Хоть царь и получил с Посольского двора тайное предостережение, что послы коварствуют и что они, подписывая договор, нисколько не намерены исполнять условий оного, а имеют единственно в виду освобождение задержанных соотечественников своих, однако Василий решил ввериться их сомнительной совестливости, как в кораблекрушениях погибающие хватаются за бренную доску. В самом деле, не представлялось другого средства избавить Россию от наводнявших ее польских воинов, а избавление сие было столь нужно для государства, что при малейшей надежде на достижение сей цели естественно было царю действовать несколько наудачу и даже подвергаться опасности быть обманутым. Итак, двадцать пятого июля царь скрепил подписью своей условленный договор176.

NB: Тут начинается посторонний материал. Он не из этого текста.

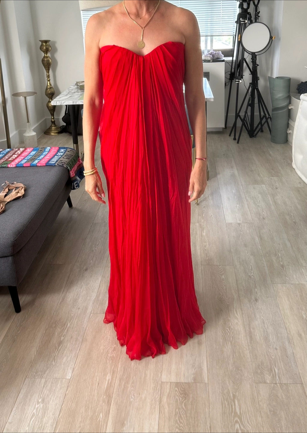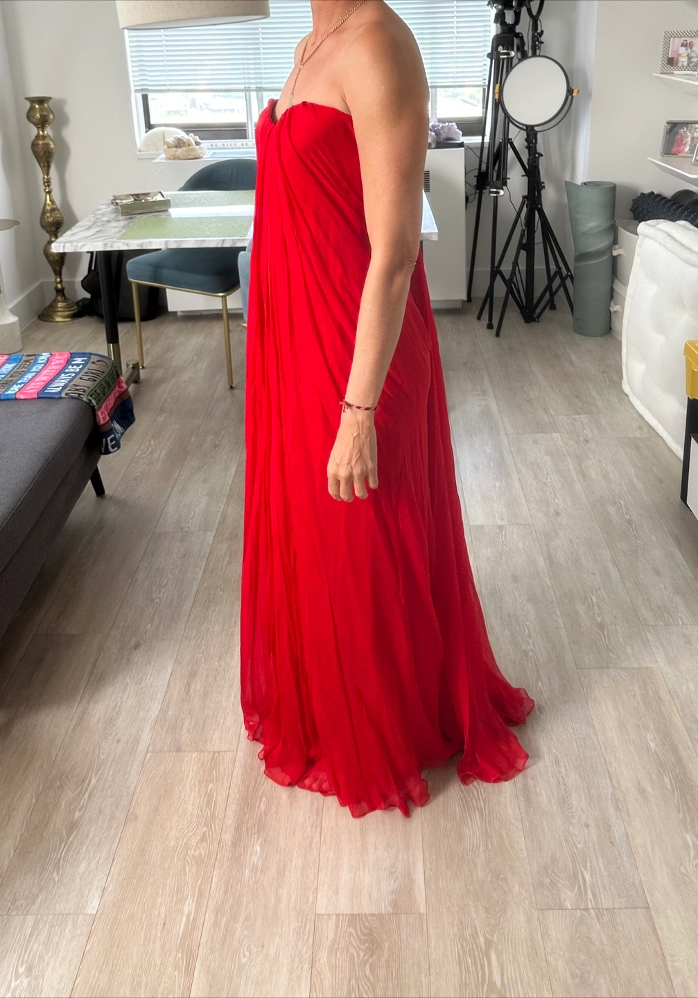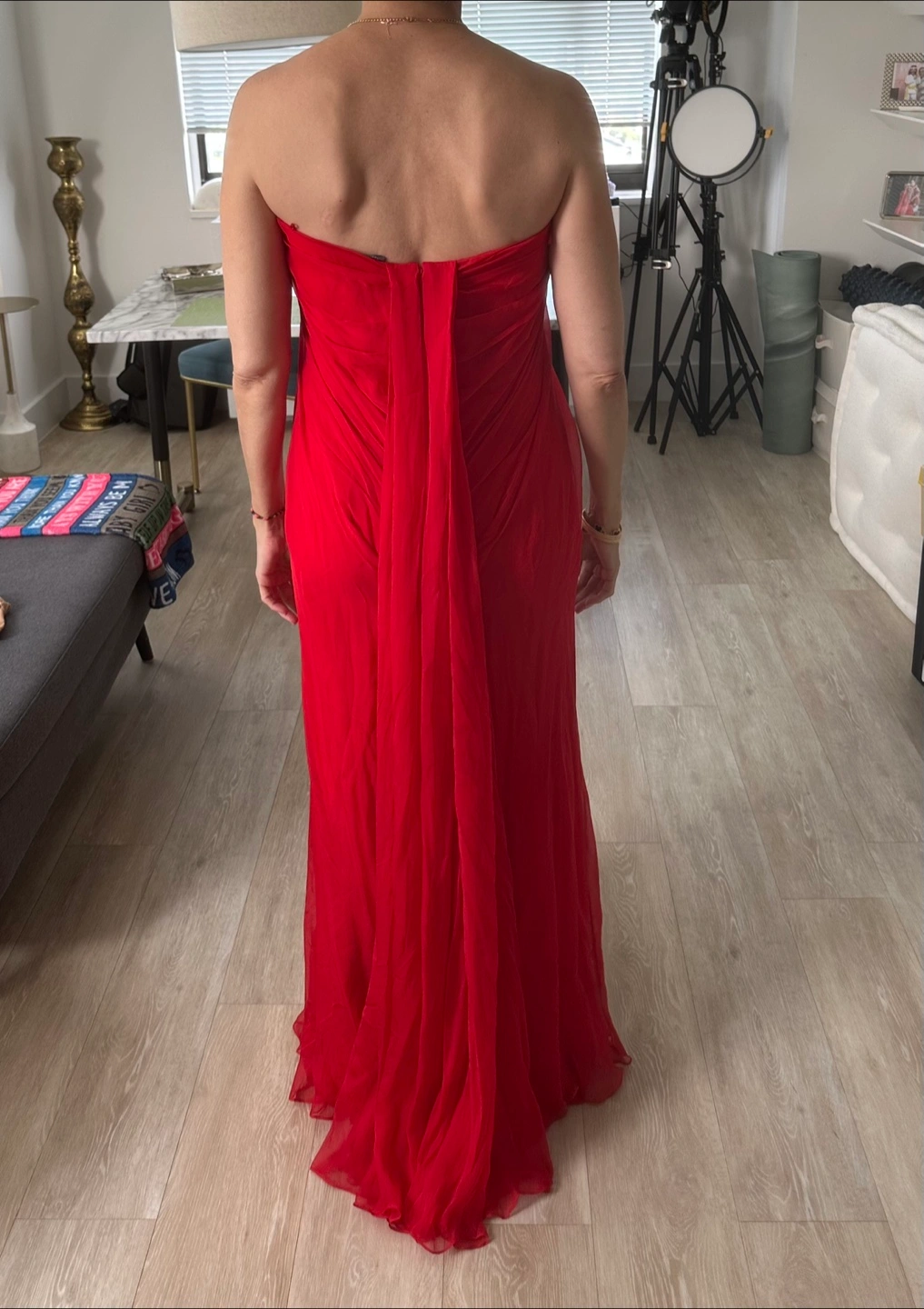 Originally $4200! Beautiful red strapless dress, perfect for a special occasion! The dress is a vibrant red color and has a flowing, elegant design. It's in great condition and ready for a new home

В тот же день послы с боярами подписали особую запись следующего содержания: 1) что бояре приняли от послов расписку в получении отысканного в Москве имущества воеводы Сандомирского и его детей; 2) что также под расписки возвращены панам Вольскому, Немоевскому и Войне пожитки их, а купцам польским Седмирацкому и Целярому и цесарским Албану и Завшбургу принадлежащие им товары; 3) что разрешение обоюдных требований об удовлетворении поляков за убиение многих из них в Москве и за утрату неотысканного имущества их, а русских за разорение, претерпенное Россией от поляков, сопровождавших Отрепьева, за отосланные им же сокровища Марине и за забратые Мнишком и другими знатными поляками у русских купцов товары отсрочено до приезда к королю будущих русских послов, а если бы и с ними по сему предмету веденные переговоры не имели успеха, то для окончательного постановления об оном будут назначены по четыре судьи с каждой стороны, которые год спустя после отпуска российских послов будут высланы на границу на речку Ивату между Оршей и Смоленском; 4) что послы принимают на себя обязанность при выезде своем из Москвы написать князьям Рожинскому, Вишневецкому и другим начальникам польским, в Тушине находящимся, увещевая их, чтобы они отстали от самозванца, и вместе с тем послать просить и самого короля о подтверждении сего требования их строгим предписанием своим; 5) что на возвратном пути своем послы будут отсылать обратно в Польшу встречающихся им польских воинов и разошлют во все пограничные польские города и в Лифляндию объявления, чтобы никто в Россию на войну идти не дерзал; 6) что послы поедут прямо к королю в Польшу, избегая всякой ссылки и свидания с поляками, которые не согласятся оставить самозванца, и, наконец 7) что на предполагаемом съезде между Оршей и Смоленском будет также принято в соображение и следуемое России удовлетворение за причиненное ей разорение от Рожинского и Вишневецкого.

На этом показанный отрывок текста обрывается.